Nowe systemy napędowe mają zostać wprowadzone do mistrzostw świata w 2022 roku, co oznaczałoby, że przyszły sezon będzie ostatnim dla koreańskiej marki. Motorsportowy dział Hyundaia miałby się mocniej skoncentrować na wyścigach.
– Hybryda jest teraz trudna do zbudowania. Mamy za mało czasu i niepokoi mnie to – krótko mówił dla DirtFisha Andrea Adamo, szef Hyundai Motorsport.
Rozumie się, że w interesie koreańskiej marki jest odłożenie nowych przepisów, podobnie jak miało to miejsce w Formule 1. Zdaniem Adamo w obecnej sytuacji gospodarczej należy poczekać z rewolucją.
Producent dla prywatnych zespołów?
W przyszłym tygodniu zaplanowano prezentację nowego i20 Rally2, a wkrótce po tym światło dzienne ma ujrzeć model i20 Rally3. Zaplanowane prezentacje sprawiają, że realne jest utrzymanie działu zajmującego się kontaktami z prywatnymi klientami. Jednak w obliczu zapowiedzianych zmian dotyczących aut klasy R5, również i ta część Hyundai Motorsport może zostać zamknięta.
Co dla Hyundaia?
Jeśli koreańska marka zdecyduje się mocniej zaangażować w wyścigach ma kilka możliwych opcji.

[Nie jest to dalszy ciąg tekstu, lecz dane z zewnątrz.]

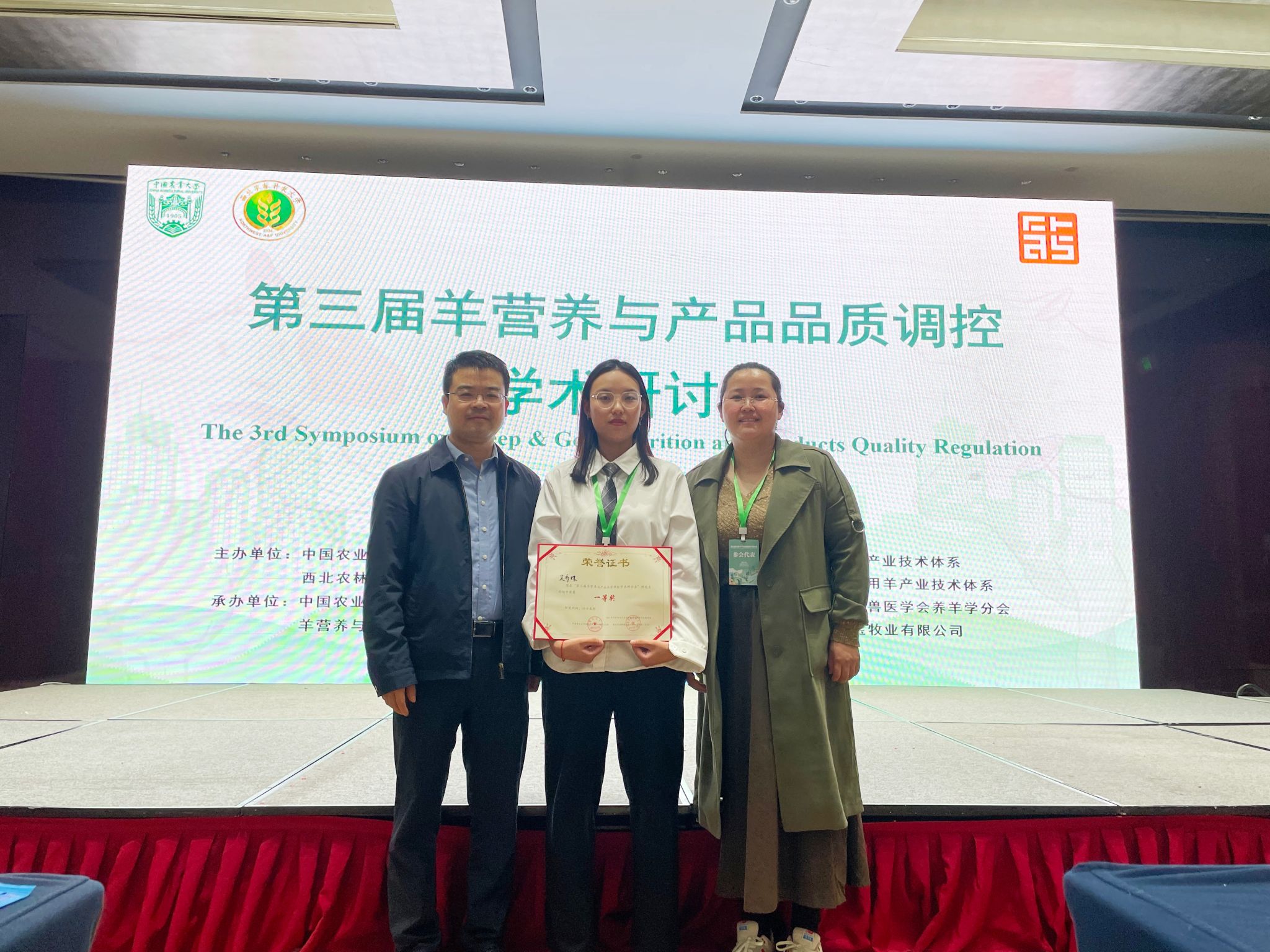 本网讯 11月4日,由中国农业大学和西北农林科技大学主办的第三届羊营养与产品品质调控学术研讨会在北京举办。动物科技学院副院长凌英会、教师李爽带领2022级畜牧专业研究生吴乔珠参加此次学术研讨会研究生论坛。经过精彩汇报和激烈角逐,吴乔珠在研究生论坛中获得一等奖的优异成绩。

Od 2022 roku w mistrzostwach świata w wyścigach długodystansowych będą obowiązywać nowe przepisy oparte na kategorii hipersamochodów. Możliwe jest również skoncentrowanie się na wyścigach klasy GT3, gdzie marka stworzyłaby program kliencki.
Nowe przepisy WRC mają zostać zatwierdzone na grudniowym posiedzeniu Rady Światowej FIA. Nadal jednak żaden z producentów nie zdecydował się na zaakceptowanie zmian. Nieoficjalnie mówi się o tym, że Toyota i M-Sport podpiszą stosowne dokumenty jesienią.